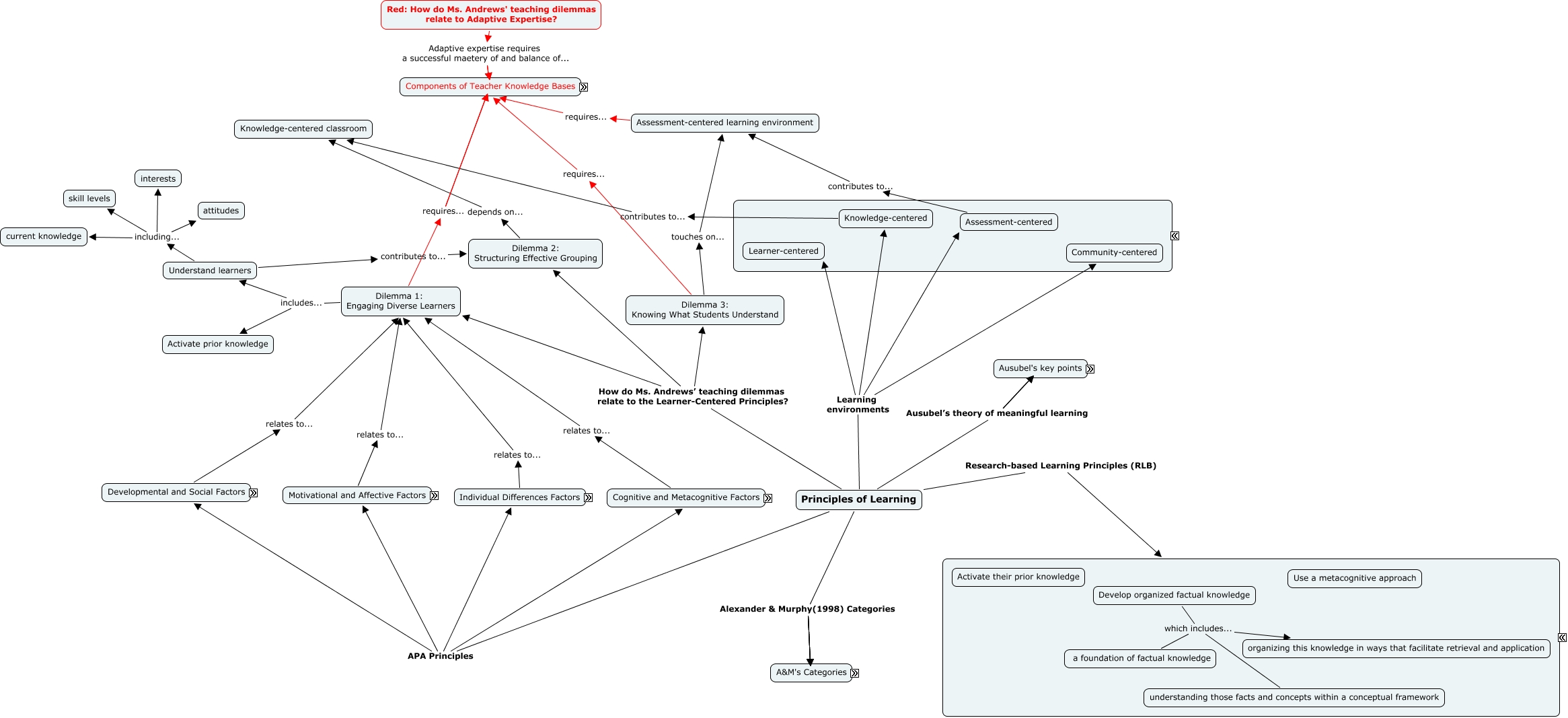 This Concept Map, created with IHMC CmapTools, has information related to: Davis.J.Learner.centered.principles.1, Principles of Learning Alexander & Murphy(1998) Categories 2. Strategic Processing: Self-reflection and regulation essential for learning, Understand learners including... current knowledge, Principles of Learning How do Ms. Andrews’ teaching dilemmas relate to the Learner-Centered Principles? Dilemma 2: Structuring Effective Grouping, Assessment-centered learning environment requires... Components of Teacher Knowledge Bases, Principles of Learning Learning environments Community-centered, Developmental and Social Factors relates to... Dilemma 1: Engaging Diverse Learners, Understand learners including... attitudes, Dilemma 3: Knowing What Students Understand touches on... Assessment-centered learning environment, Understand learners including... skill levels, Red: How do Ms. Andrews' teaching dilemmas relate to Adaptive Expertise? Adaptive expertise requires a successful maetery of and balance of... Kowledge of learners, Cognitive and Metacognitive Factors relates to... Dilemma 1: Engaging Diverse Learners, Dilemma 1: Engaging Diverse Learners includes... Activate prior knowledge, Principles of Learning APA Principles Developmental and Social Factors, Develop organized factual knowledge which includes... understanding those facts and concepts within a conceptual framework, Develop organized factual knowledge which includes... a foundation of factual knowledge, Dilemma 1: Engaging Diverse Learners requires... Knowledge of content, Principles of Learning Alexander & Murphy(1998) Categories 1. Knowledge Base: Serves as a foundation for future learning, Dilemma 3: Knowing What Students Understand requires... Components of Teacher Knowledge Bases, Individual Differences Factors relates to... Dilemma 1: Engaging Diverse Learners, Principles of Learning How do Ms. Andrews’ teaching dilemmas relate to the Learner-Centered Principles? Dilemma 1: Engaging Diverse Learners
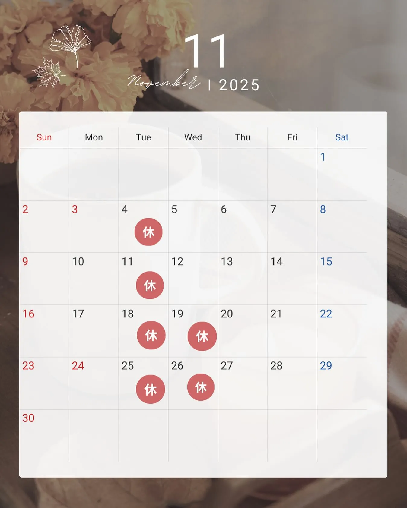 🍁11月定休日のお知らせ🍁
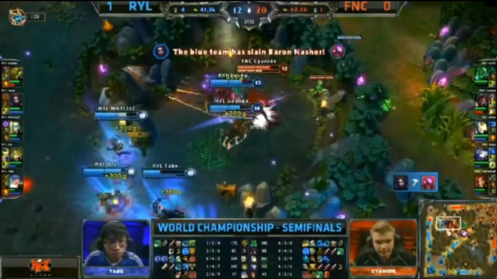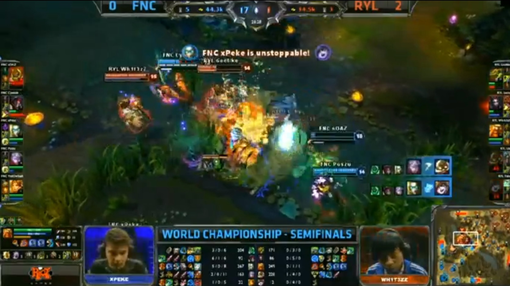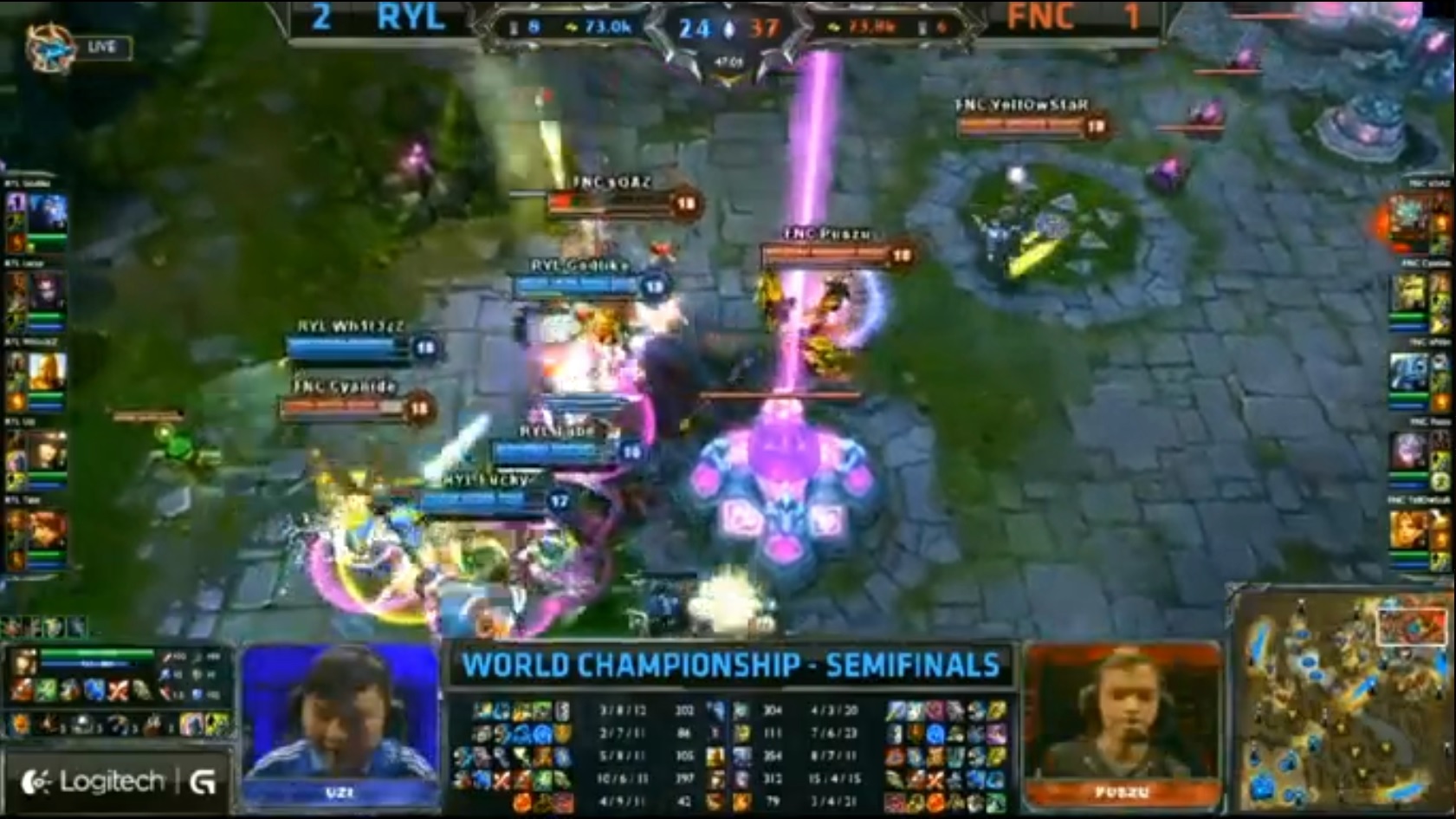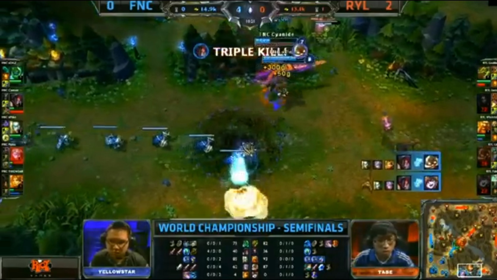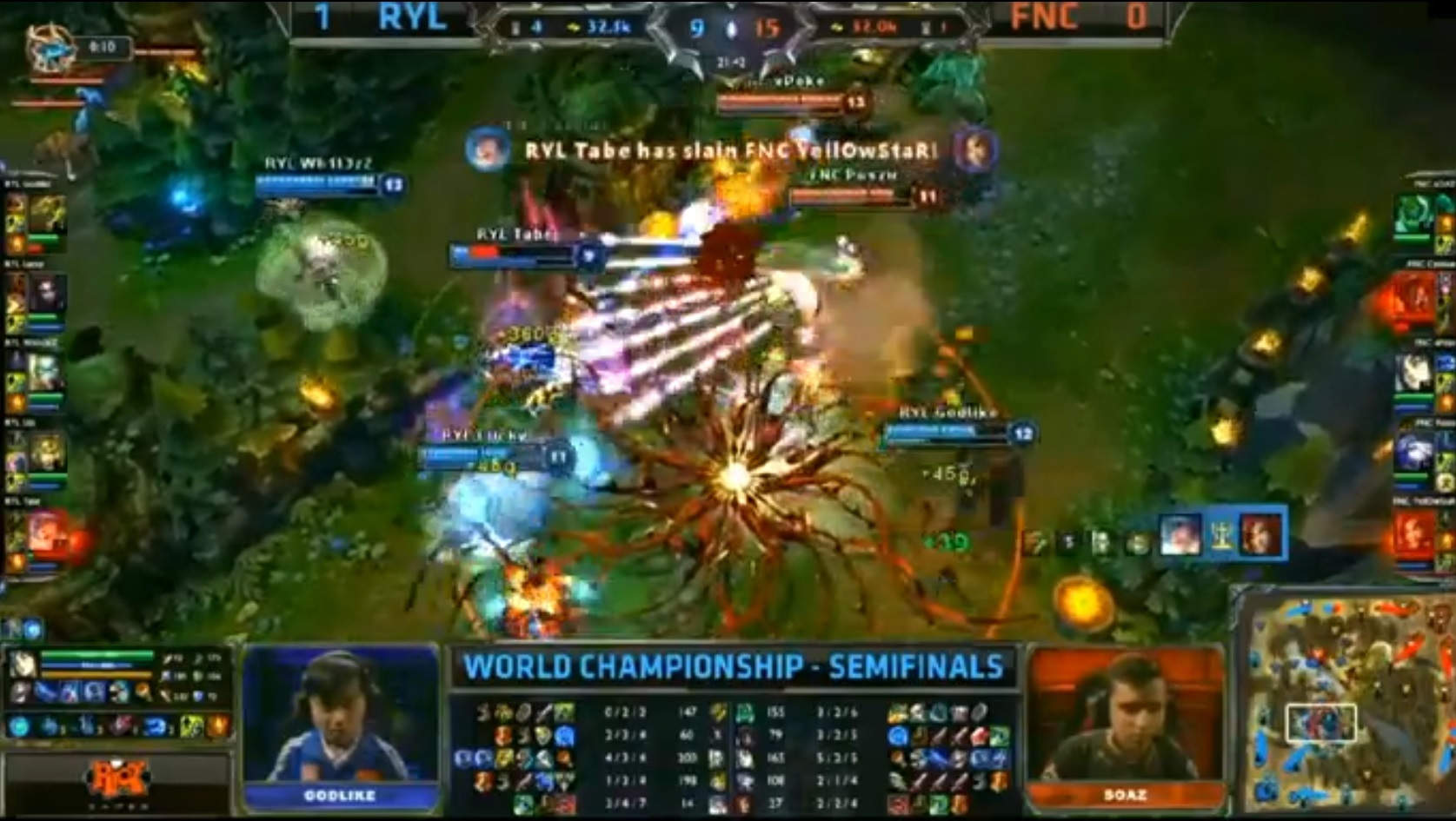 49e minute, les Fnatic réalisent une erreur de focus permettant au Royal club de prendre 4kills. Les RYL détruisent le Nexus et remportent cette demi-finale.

▸ Task item:
Your job is to repeat the data exactly, leaving each picture out.

▸ Task response:
 This Concept Map, created with IHMC CmapTools, has information related to: Davis.J.Learner.centered.principles.1, Principles of Learning Alexander & Murphy(1998) Categories 2. Strategic Processing: Self-reflection and regulation essential for learning, Understand learners including... current knowledge, Principles of Learning How do Ms. Andrews’ teaching dilemmas relate to the Learner-Centered Principles? Dilemma 2: Structuring Effective Grouping, Assessment-centered learning environment requires... Components of Teacher Knowledge Bases, Principles of Learning Learning environments Community-centered, Developmental and Social Factors relates to... Dilemma 1: Engaging Diverse Learners, Understand learners including... attitudes, Dilemma 3: Knowing What Students Understand touches on... Assessment-centered learning environment, Understand learners including... skill levels, Red: How do Ms. Andrews' teaching dilemmas relate to Adaptive Expertise? Adaptive expertise requires a successful maetery of and balance of... Kowledge of learners, Cognitive and Metacognitive Factors relates to... Dilemma 1: Engaging Diverse Learners, Dilemma 1: Engaging Diverse Learners includes... Activate prior knowledge, Principles of Learning APA Principles Developmental and Social Factors, Develop organized factual knowledge which includes... understanding those facts and concepts within a conceptual framework, Develop organized factual knowledge which includes... a foundation of factual knowledge, Dilemma 1: Engaging Diverse Learners requires... Knowledge of content, Principles of Learning Alexander & Murphy(1998) Categories 1. Knowledge Base: Serves as a foundation for future learning, Dilemma 3: Knowing What Students Understand requires... Components of Teacher Knowledge Bases, Individual Differences Factors relates to... Dilemma 1: Engaging Diverse Learners, Principles of Learning How do Ms. Andrews’ teaching dilemmas relate to the Learner-Centered Principles? Dilemma 1: Engaging Diverse Learners
 🍁11月定休日のお知らせ🍁
 49e minute, les Fnatic réalisent une erreur de focus permettant au Royal club de prendre 4kills. Les RYL détruisent le Nexus et remportent cette demi-finale.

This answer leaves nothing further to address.